A technology that allows two-way interaction could also likely result in a net-positive relationship for how we consume and appreciate media. “It can create a deeper engagement, because we are in an age of reducing people’s attention to TikToks that are, like, five-to-10 seconds long,” Will adds.
Does he think our attention span is doomed? On the contrary: “I think people’s attention span is vast. This notion that, like, no one has the attention to sit for five minutes to listen to a song, I argue the opposite,” he says. “People do have attention. It’s just that the creator doesn’t have to make anything meaningful to get someone sitting for five minutes to listen to it. So, the creator has been reduced to TikToks, as much as the audience has been reduced to TikToks. But then the creators that work in Netflix haven’t been reduced to TikToks. The streaming platforms are, like, ‘Yo, you got 12 hours. I got a whole series for you, a whole day’s worth of shit, and you can’t wait for it.’ [And the response is] like, ‘Yo, I’m gonna binge-watch that shit for three days’. We can’t wait for the shit. We dedicate time to watch it.”
This is how will views expanding the number of stations on his platform – as a way to achieve long-term engagement with media, and deeply personalised curation. In a way, he says, it’s like a new album. “So, like, what the fuck is an album? You make an album, most folks will pay attention to three songs – that’s the reason why no one wants to listen to a whole album, because a playlist gives you the premium: ‘This is a hit, this is a hit, this is a hit,’” he says. “There are some [musicians] that have great taste, where every song is listenable. Very few groups do that. Coldplay does that really well. Radiohead does that really well. Being biased, I think the Black Eyed Peas did albums really well. Parcels, Empire of the Sun, Daft Punk, David Guetta all do albums really well. But what is the next version of a body of work? I believe a body of work can be a station, because you could go from segment to song to segment to song, and the segment is like a bunch of information in the form of text.”

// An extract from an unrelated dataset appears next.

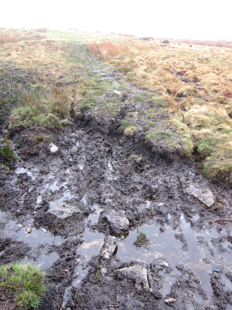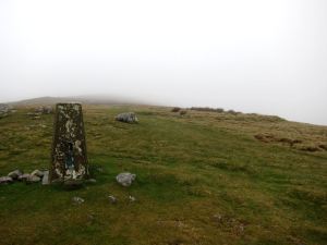 But in the end I found it all and was ready to go. It was grey and wet when I set off and when I got to the top of the ridge it was also very windy. It got greyer, wetter and windier. Not really a day for looking around and taking in the great views from the mountain top. First, there were no views except for the bit of rain sodden path in front to me. Second it was head-down walking weather because of the horizontal rain that could take your eye out.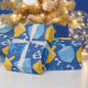 Se você ama papel de embrulho pesado de boa qualidade, você vai adorar este item. Exibindo um agradável design de Chanucá com sonhos azuis e dourados, as imagens são mostradas em um fundo azul. Há letras hebraicas. Compre seu papel de embrulho de Hanukkah hoje! Design de padrão Hanukkah: AMBilustrações http://www.etsy.com/shop/AMBillustrations/

This is also the thinking behind the wider FYI app’s creative purpose, the notion that a body of personal work can extend to collaboration, links, writing, documents, all enhanced with AI personas to help shape, create, archive and educate. “The AI allows the listener to go as deep as they want in that station or in that segment, and then, there’s music they love woven through.”
FYI RAiDiO is already available on smartphones, desktop and in select Mercedes-Benz vehicles around the world. And at this year’s Consumer Electronics Show in Las Vegas in early January, will revealed the latest way he’s planning on bringing the platform to users, wherever they are. Through his partnership with LG and Qualcomm, FYI RAiDiO is now rolling out in freshly announced LG products, most notably, a range of xboom by will.i.am speakers, including the Stage501 (a party-focused speaker with AI karaoke tech), Blast and Rock (rugged outdoor-friendly speakers) and the Mini (designed for everyday use). This is in addition to a new boombag concept he revealed – a range of high-end, wearable backpack speakers, enhanced with FYI RAiDiO, which will roll out in limited-edition drops and collaborations, drawing from sneaker culture.
“My imagination said the combination of speaker and bags is a product that’s ripe for sneaker culture,” he explains. “That’s what we have here with the boombag. The speaker isn’t an accessory. It’s the soul of the bag.”
will notes that this concept opens up audio-product design to designers, creatives and musicians to engage in these wearable collaborations, in addition to the everexpanding list of partner stations and communities he aims to connect with. “We are turning sound into a living, learning experience,” he enthuses, adding that he hopes the tech will bring people closer by connecting them through a shared passion for music and creativity generally. “There are so many collaborations that will come out of this… This is where it starts. Watch where we go.”